或いは婚約時代から冷えた関係だったことになってしまいます。その片鱗が婚約時代に垣間見えていた事は無かったので大丈夫だと思っていましたけど、やっぱり大丈夫そうですね。
「お邪魔しますね、義姉上。……あなたのことはカティからたくさんお話を聞かせてもらいました。自分のことよりもあなたのことを話すほどで。結婚式であなたがカティを嫌いだの憎かっただの仰った理由も聞かされて。あなたのことを誤解していたと分かりました。これからは私もカティ共々姉として慕わせてもらいます」
挨拶と同時にそんなことを言われてしまいましたが。
異母妹さん? あなた、夫に何を話しているのです……。もっと自分と夫のことを話し合い、未来を語り合いなさい……。
「いえ、あの、姉としてではなく、無難に義家族としてで構いませんから……」
そんな感じの無難な答えです。
「いいえ。私とカティを娶せたのも義姉上だとカティから教えてもらいましたからね。可愛い妻を娶らせてくれたのですから、やっぱり慕いますよ」
目元を和らげてカティを見るドレイク様に安心しつつ、その気持ちが三十年経っても五十年経っても続くことを願います。
「そうですか……。お気持ちは有り難く。カティは淑女教育も夫人教育も一通りこなしていますが、それでも夫婦として様々な困難が待ち受ける事でしょうから、お互いを尊重し合って話し合い、時には互いを叱り合って良い夫婦になってくださいね。まぁ独り身の私が偉そうに言えたことではないのですけれど」
異母妹夫婦のために、と口出しして自身に苦笑してしまう。独身の私が夫婦の何を分かっているのかって言われてしまえばそれまでなのだけれど。
働いている間に恋人が居る女性たちや夫人方の愚痴を聞いて、お互いを尊重することが関係を維持するのに一番良くて一番難しいのね、と知って。
つい、口出ししてしまいました。
神妙な顔をして二人が聞いてくれたので良し、としておこう。
「ところでいい加減に姉上から離れろ、カティ。今日はあの女が来るって言っているんだぞ」
お出迎えの時から黙ってこの場に居た異母弟が私にベッタリの異母妹に声を掛けてますね。
「あの女今さら戻るとか、都合良すぎよ」
そして、異母妹のあなたも実の母をあの女呼ばわりなのね……。苦労させてしまったかしら。
あと、ナイスタイミングで執事がエントランスから応接室に案内を申し出てくれました。ごめんなさいね、いつまでも客人をエントランスで立たせたままなんて失礼をして……。

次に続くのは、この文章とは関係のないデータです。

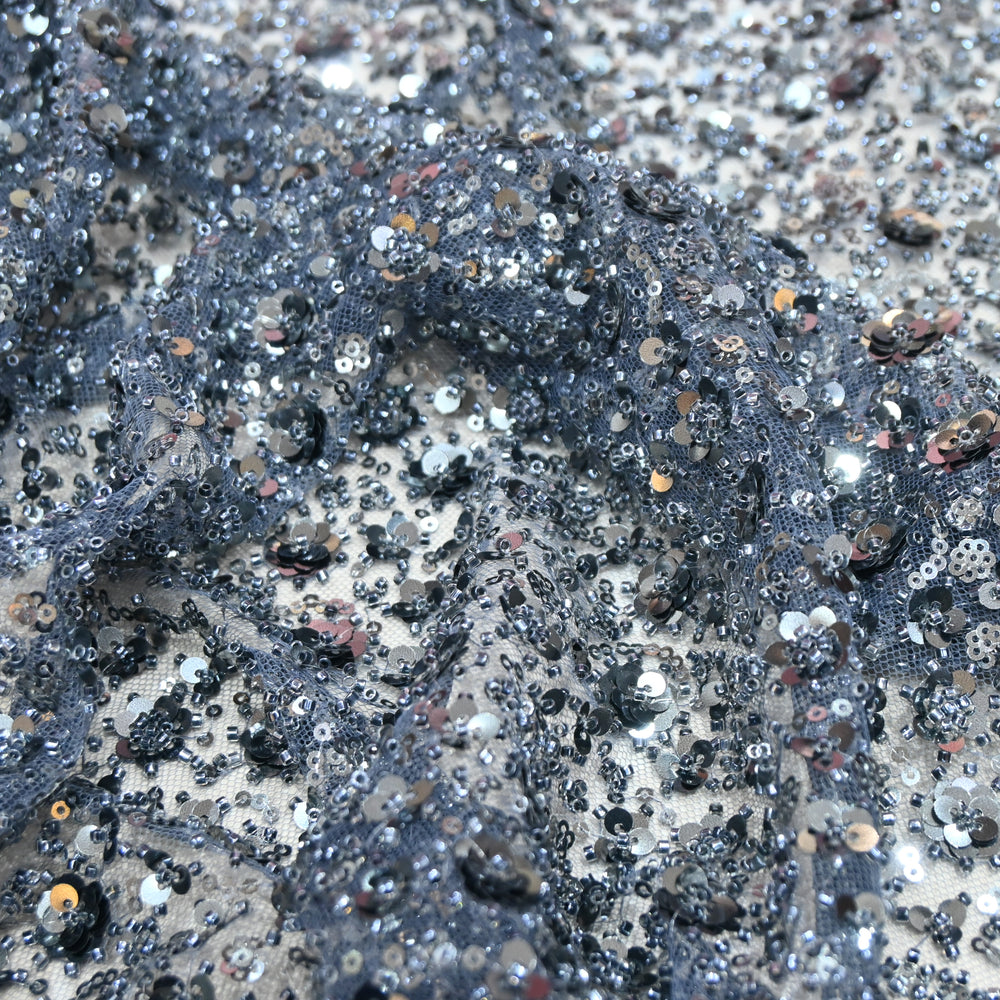 Starry Grey Dubai Imported Net Fabric with Sequins Embroidery
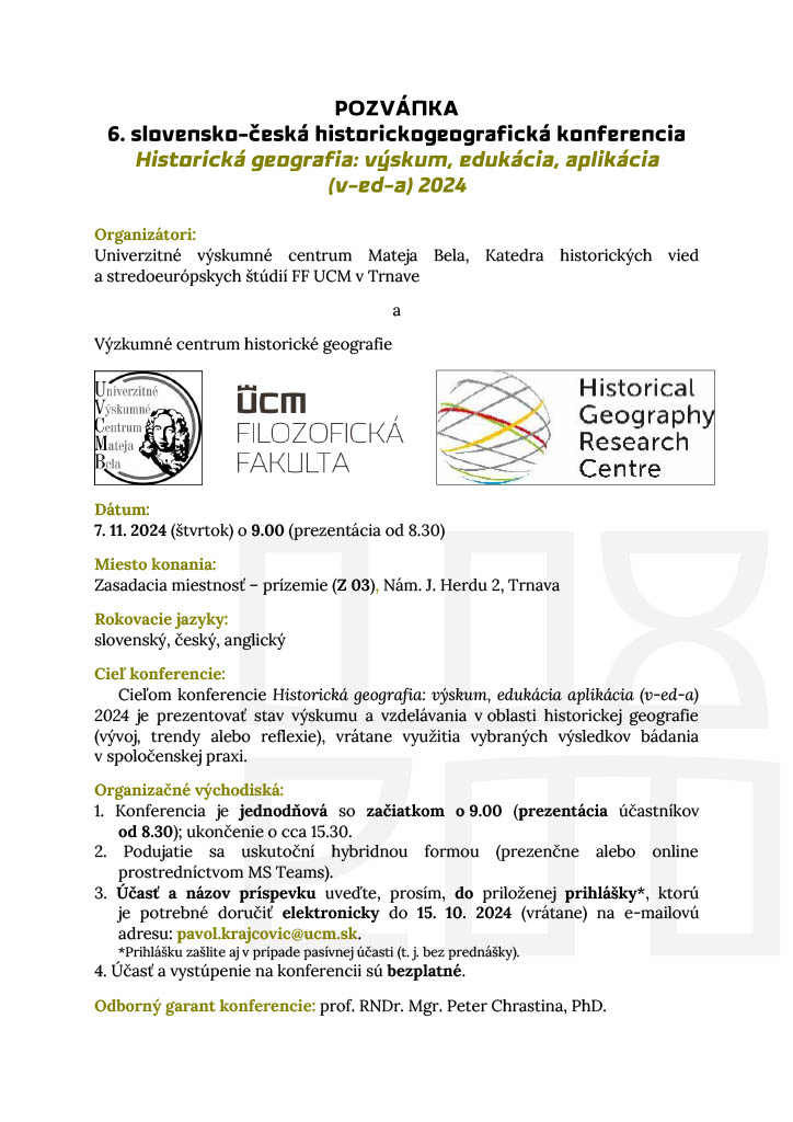 POZVÁNKA: 6. slovensko-česká historickogeografická konferencia
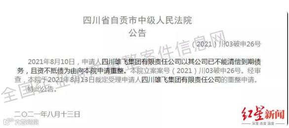 事情缘由是这样的,近日四川雄飞集团已向法院申请破产重整。据四川省自贡市中级人民法院(2021)川03破申26号公告显示:2021年8月10日,申请人四川雄飞集团有限责任公司以其公司已不能清偿到期债务,且资不抵债为由向法院申请重整。经审查,法院于2021年8月13日裁定受理申请人四川雄飞集团有限公司的重整申请。

場を改めたところで異母弟が手紙を読むように異母妹に促し、異母妹は憤慨して手紙を破りそうになったのですが、寸前でドレイク様が手紙を確保しましたわ。
「ダメだよカティ。証拠は残して置かないとね」
……あら、ドレイク様、手紙を証拠扱いって何をお考えなのかしら。
「証拠」
「そうだよ。この手紙を読んでカティの話から察するに、君たちの母親は貴族法を知らないらしい。夫或いは妻から離婚の話が出て離婚することは貴族でもあるけれど、貴族の妻や夫が出奔するという可能性までは考えられていないし、そんな事例も無かったからね。その辺りに関する法律は無い。ただ平民が貴族の妻や夫に迎え入れられた場合、結婚相手が亡くなった時に、平民に戻る。つまり現在君たちの母親は平民だから、この家には戻って来られないんだよ。戻ると言っているけれど戻れないということを説明するための証拠さ」
ドレイク様の説明に異母妹がそうね、と頷く。異母弟もウンウンと同意している。
そうなのよね。
平民を伴侶にする場合、貴族家の養子として迎え入れて結婚するか、平民のままで結婚するかで伴侶が死亡した後が変わってくるのよね。

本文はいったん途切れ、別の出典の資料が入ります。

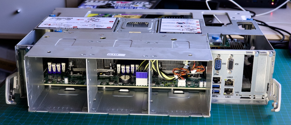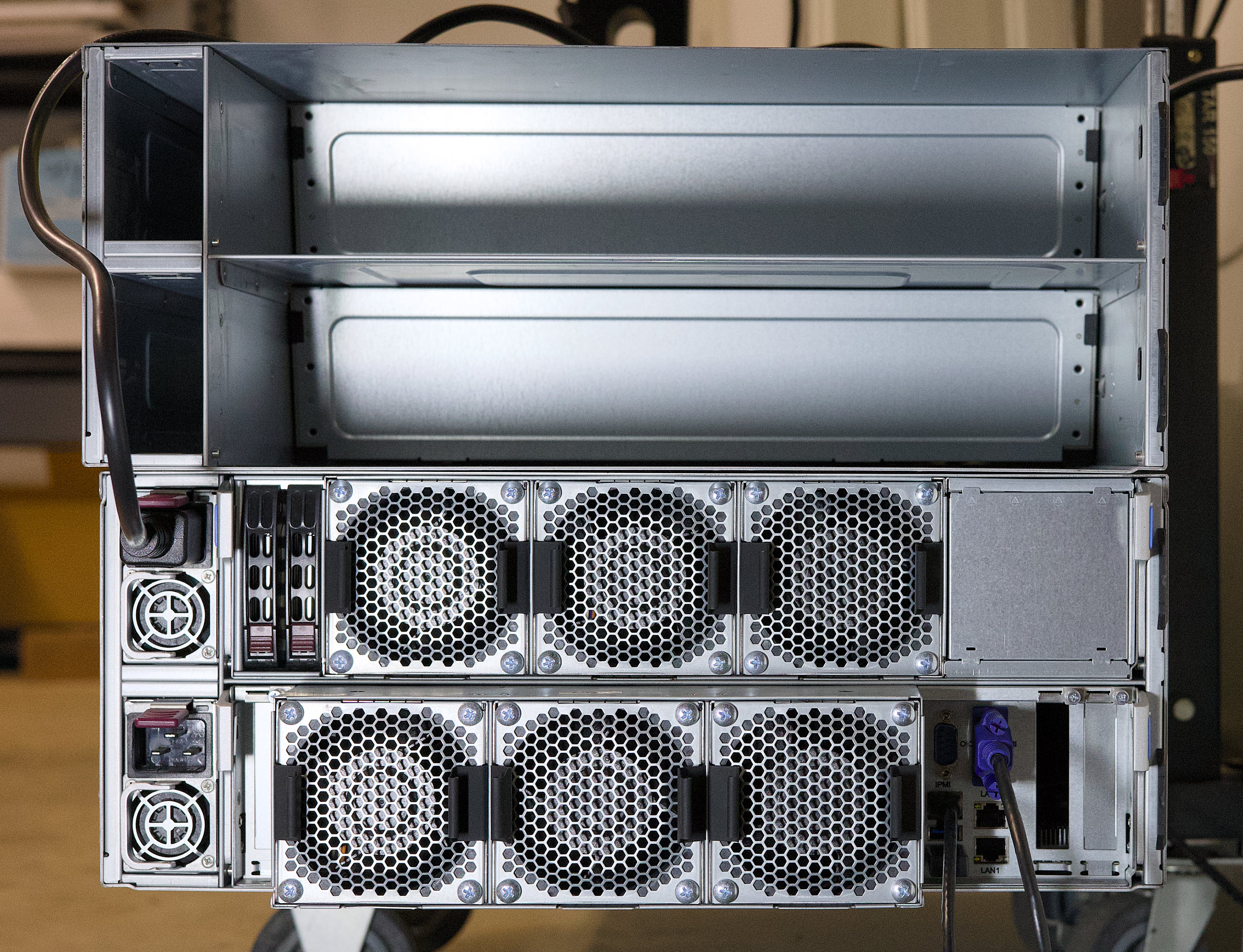 This is two servers. The top one has the PSUs, fans & mainboard bays removed. Bottom one has them installed
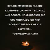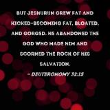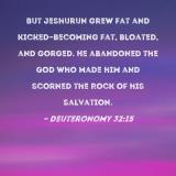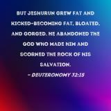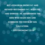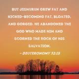 But Jeshurun grew fat and kicked--becoming fat, bloated, and gorged. He abandoned the God who made him and scorned the Rock of his salvation.
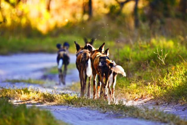 Zimbabve: Bir Köpeğin Yaşamı'ndan bu karede yol boyunca kameradan uzaklaşıp giden bir köpek sürüsü.
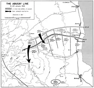 Battles were fought at Longoskawayan Point from 22 January to 1 February, at Quinauan Point from January 22 to February 8, and at the Silalim-Anyasan from 27 January to 13 February, which were collectively termed the "Battle of the Points". The final result was the complete destruction of the Japanese 1st and 2nd Battalions, 20th Infantry.[6]: 249–323
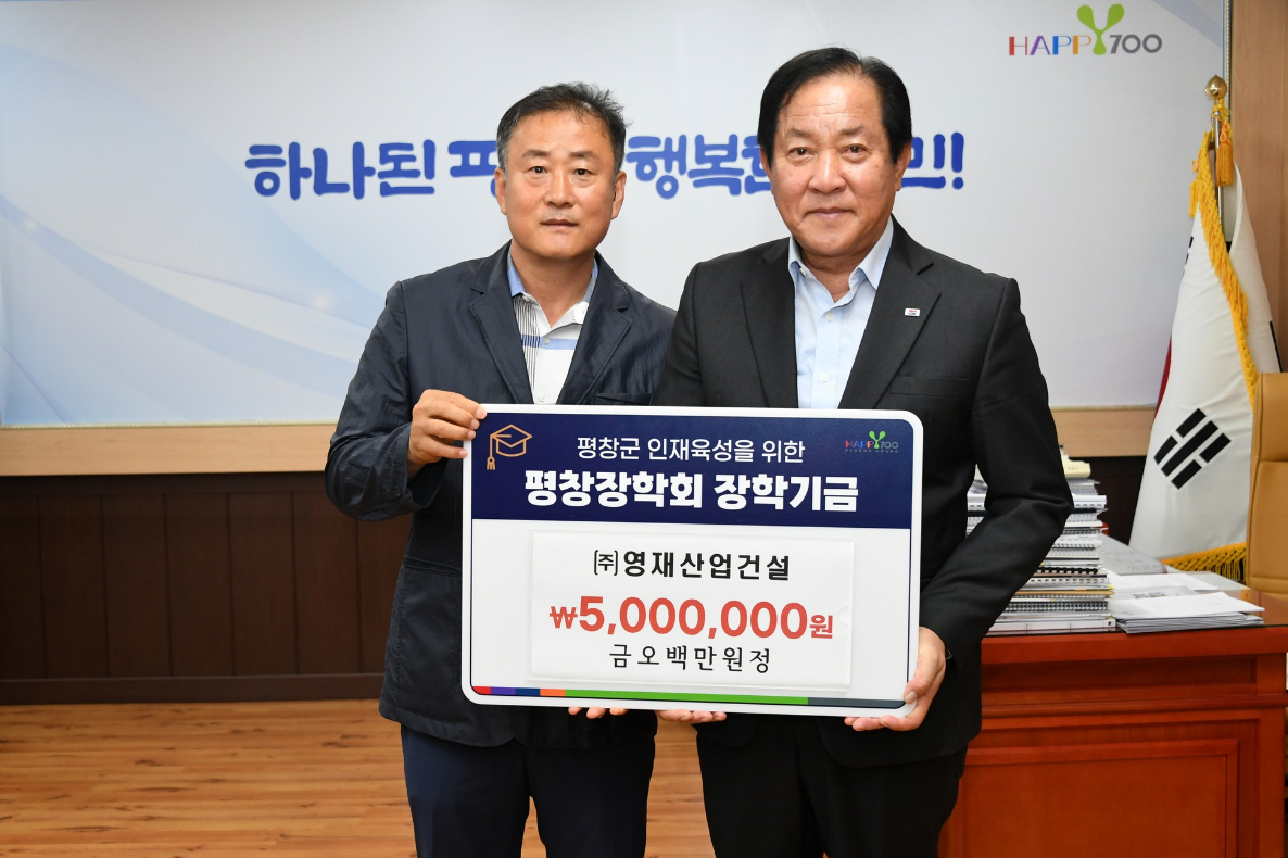 21일, ㈜영재산업건설(대표 김영국)은 지역 인재육성을 위한 평창장학회 장학기금 500만원을 기탁 했다.
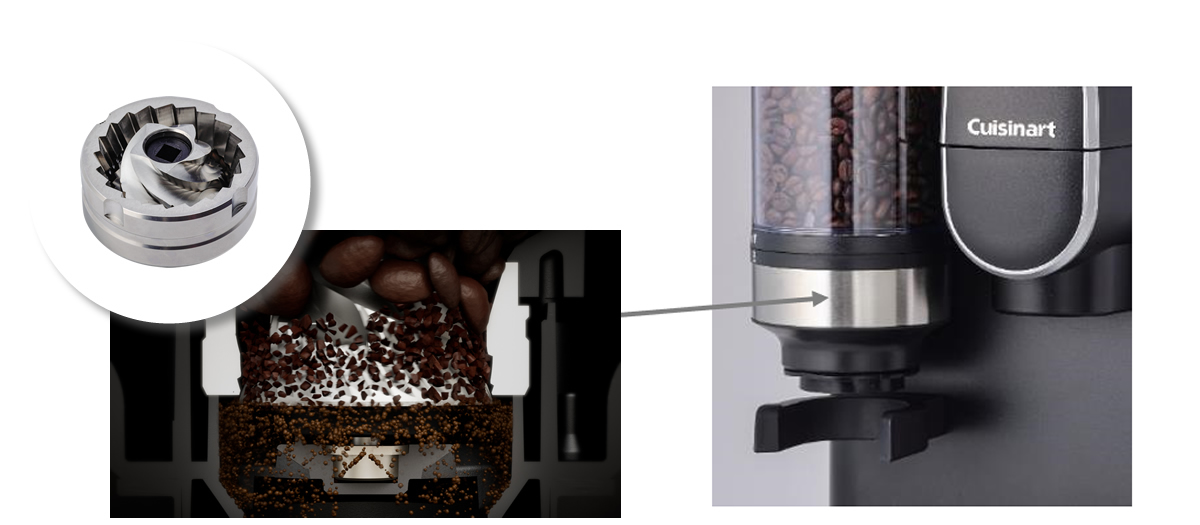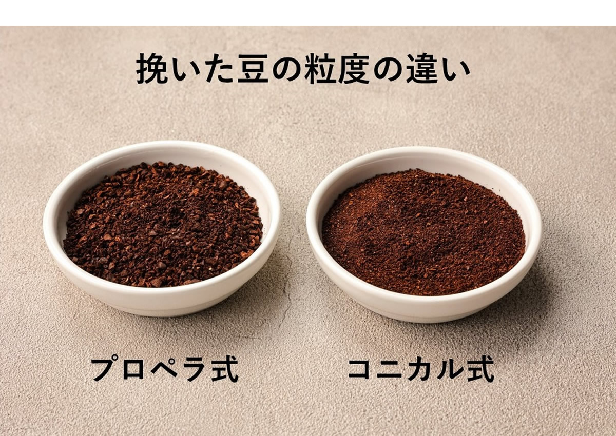 ステンレス製コニカル式ミルを使用しています。コーヒー豆を均一に挽くことができます。

養子として迎え入れた場合は、伴侶が死亡しても貴族家の者として認められるから、その責務と付随する権益も使える。なぜなら養子縁組した場合、一定期間貴族教育を施されてから嫁入りや婿入りをするから。
平民のままで迎え入れた場合は、伴侶が死亡すると戸籍は平民に戻るから、貴族としての責務から解放される代わりに貴族権益は使えません。継母の場合はこちらに当たるわけ。
もしも、平民のままで結婚し、相手が死亡して、それでも子どもの養育などで貴族で居たいのなら、王城にて手続きをします。
手続きが出来るのは伴侶が死亡してから十日以内。継母は父が亡くなってから十日以内にこの手続きをしていないから貴族籍から抜けたことに。
つまり平民に戸籍が戻ったということ。
「だから門前払いをして良い、ということだ」
異母弟が宣言するけれど、そのことについても話し合ったでしょうに。
「キィ。でもね、門前払いをしても、執念深そうだから、あちらの言い分を聞いてから貴族法によって平民であることを教えて二度と近寄らせないことを約束させないと、何度もやって来ると思うわよって言ったはずよ」
私が窘めると、異母妹が「確かにあの女はそういう感じよね」と納得してます。
……実の母なのにあなたたちは本当に嫌っているのね。
お読みいただきまして、ありがとうございました。